Radio Free Asia halts news operations amid Trump-era funding cuts and shutdown

Radio Free Asia halts news operations amid Trump-era funding cuts and shutdown
Source: AP Photo

Radio Free Asia (RFA) will suspend all news operations on Friday, citing financial collapse brought on by funding cuts under President Donald Trump and the ongoing US government shutdown.

Bay Fang, RFA’s president and CEO, said in a statement that “uncertainty about our budgetary future” had forced the outlet to “suspend all remaining news content production.”

“In an effort to conserve limited resources on hand and preserve the possibility of restarting operations should consistent funding become available, RFA is taking further steps to responsibly shrink its already reduced footprint,” Fang said Wednesday.

The outlet will close its overseas bureaus, formally lay off staff, and pay severance to employees who have been on unpaid leave since March, when the US Agency for Global Media (USAGM) “unlawfully terminated RFA’s Congressionally appropriated grant,” Fang said.

Trump signed an executive order on March 14 effectively dismantling USAGM, the government body overseeing RFA, Radio Free Europe/Radio Liberty (RFE/RL), and Voice of America (VOA). Since then, RFA has furloughed three-quarters of its US staff and terminated most of its foreign contractors, later axing key language services, including Tibetan, Burmese, and Uighur.

Mass layoffs have also hit VOA, which Trump called a “total left-wing disaster.” Nearly all of its 1,400 employees were placed on paid leave in March, leaving the broadcaster operating on a skeleton crew.

Trump has long railed against the US-funded media networks, calling them a “waste of government resources” and accusing them of political bias.

Founded in 1996, RFA has reported from some of Asia’s most repressive environments, broadcasting in multiple local languages to audiences in China, North Korea, Myanmar, and elsewhere. Its Uighur service, the world’s only independent Uyghur-language outlet, and its North Korea desk are among its best-known projects.

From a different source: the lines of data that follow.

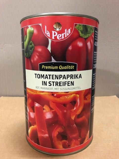 Papryka czerwona paski La Perla to wysokiej jakości marynowana papryka czerwona cięta w paski, oferowana przez markę La Perla – cenionego producenta przetworów warzywnych i owocowych. Produkt znajduje się w dużym opakowaniu o pojemności 4250 ml z masą całkowitą ok. 4100 g, a po odsączeniu uzyskuje się około 2000 g aromatycznych pasków papryki gotowych do użycia.
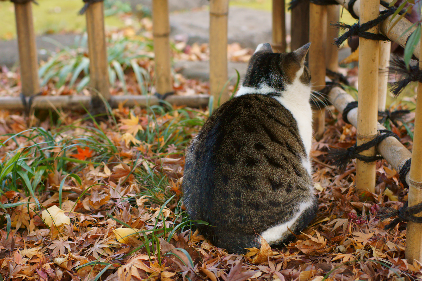 公園で偶然出会った猫です。 このまあるい背中・・実にいい丸さ加減です。 手でポンポンとしたくなりますね!
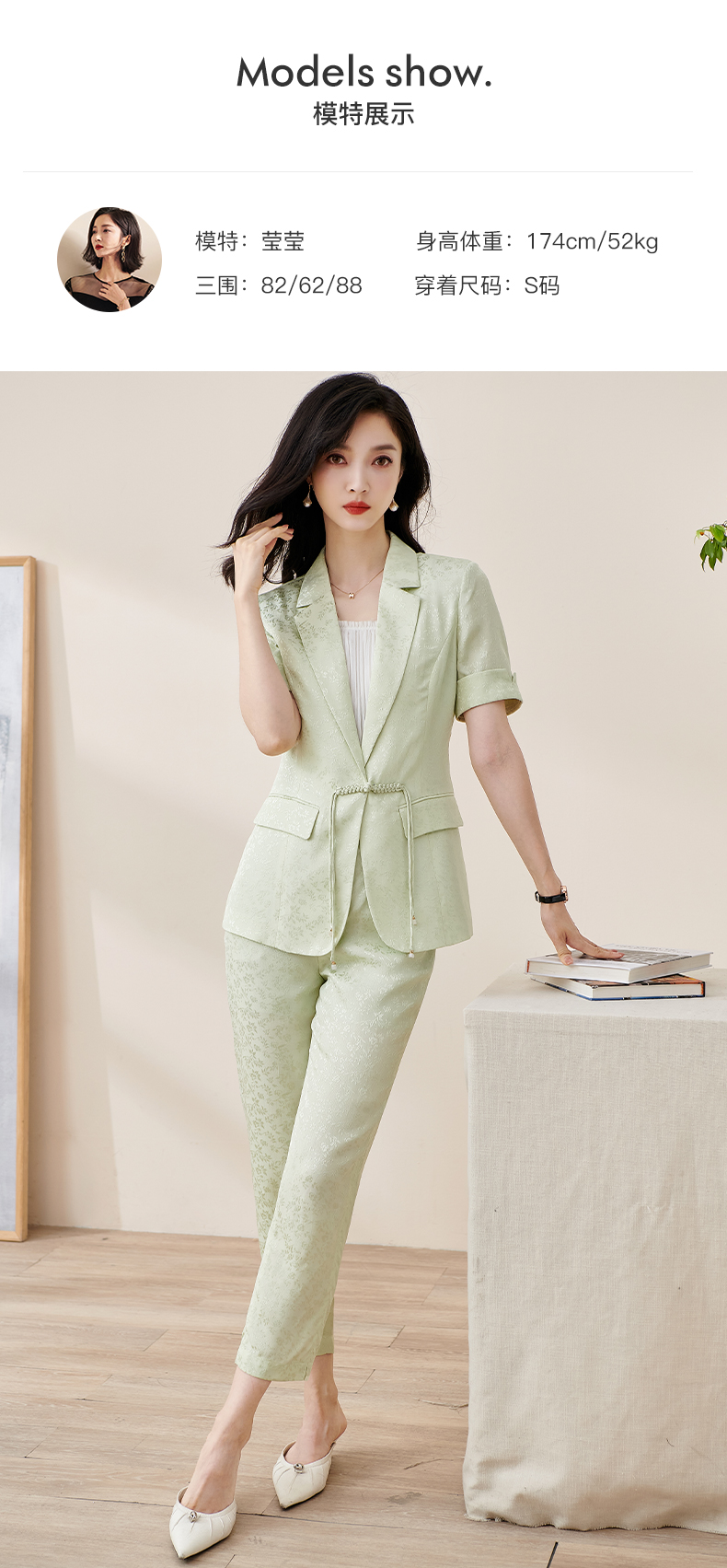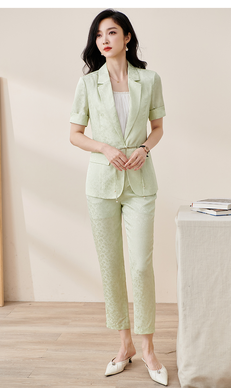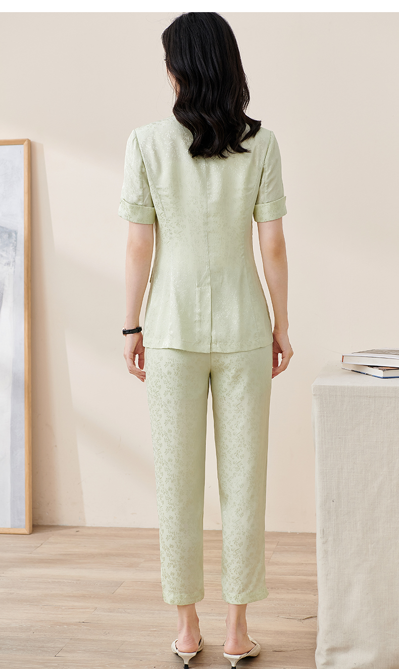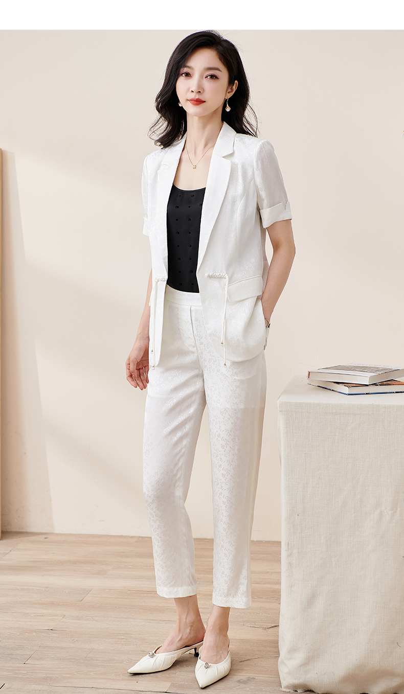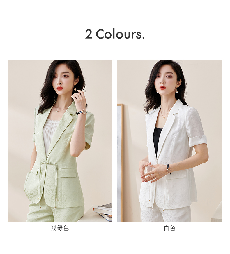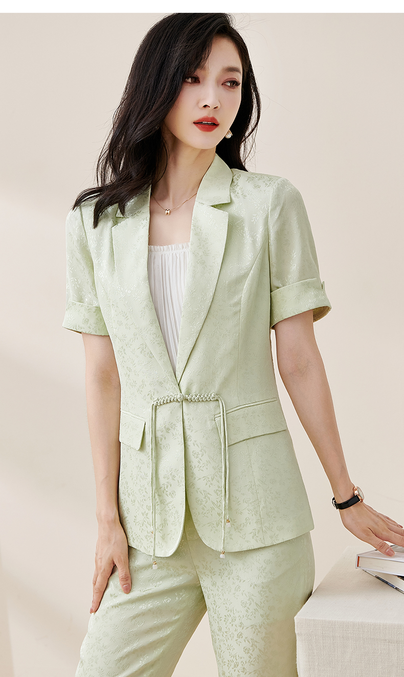 剩S/M/L/XL/XXL 米思阳2025夏季新款时尚中国风气质提花女式西装修身短袖外套2032
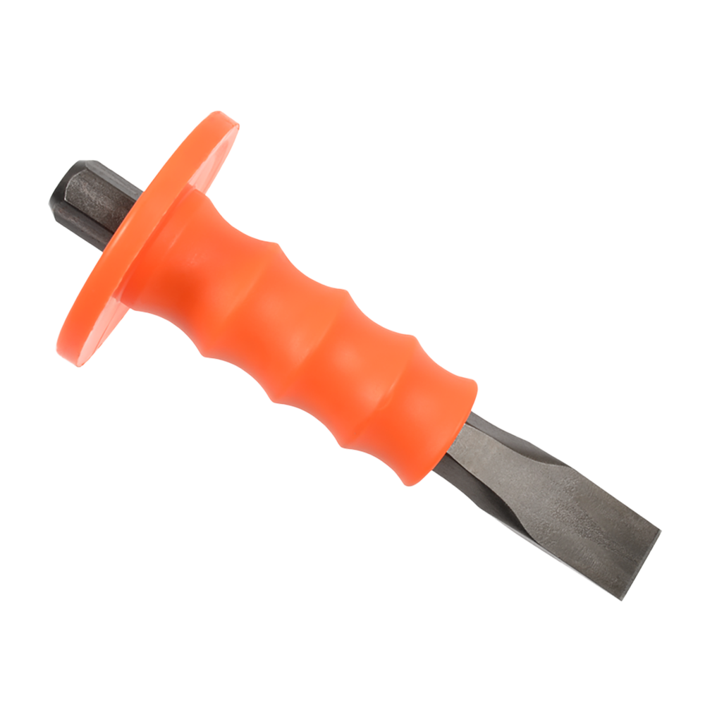 Hand guarded cold chisels act to shape and cut cold metal only. A hard plastic, ergonomic handle allows the user to firmly grip the tool for precision, comfort and shock absorbance. These chisels are specially angled for strength and available in a shot- blasted finish to increase durability. Many lengths and sizes are offered to fit any application. Made in the USA.
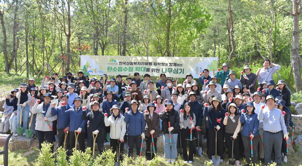 한국산림복지진흥원은 지난달 28일 대전 산림복지종합교육센터에서 탄소흡수원 확대를 위한 나무 심기 행사를 개최해 남태헌 원장 등 임직원 100여 명이 참석했다.

“Make no mistake, authoritarian regimes are already celebrating RFA’s potential demise,” RFA executive editor Rosa Hwang warned in an announcement published on the outlet’s website. “Independent journalism is at the core of RFA. For the first time since RFA’s inception almost 30 years ago, that voice is at risk.”

RFE/Radio Liberty, which shares the same funding structure, confirmed this week that it received its final round of federal funding in September but said it plans to “continue reaching our audiences for the foreseeable future.”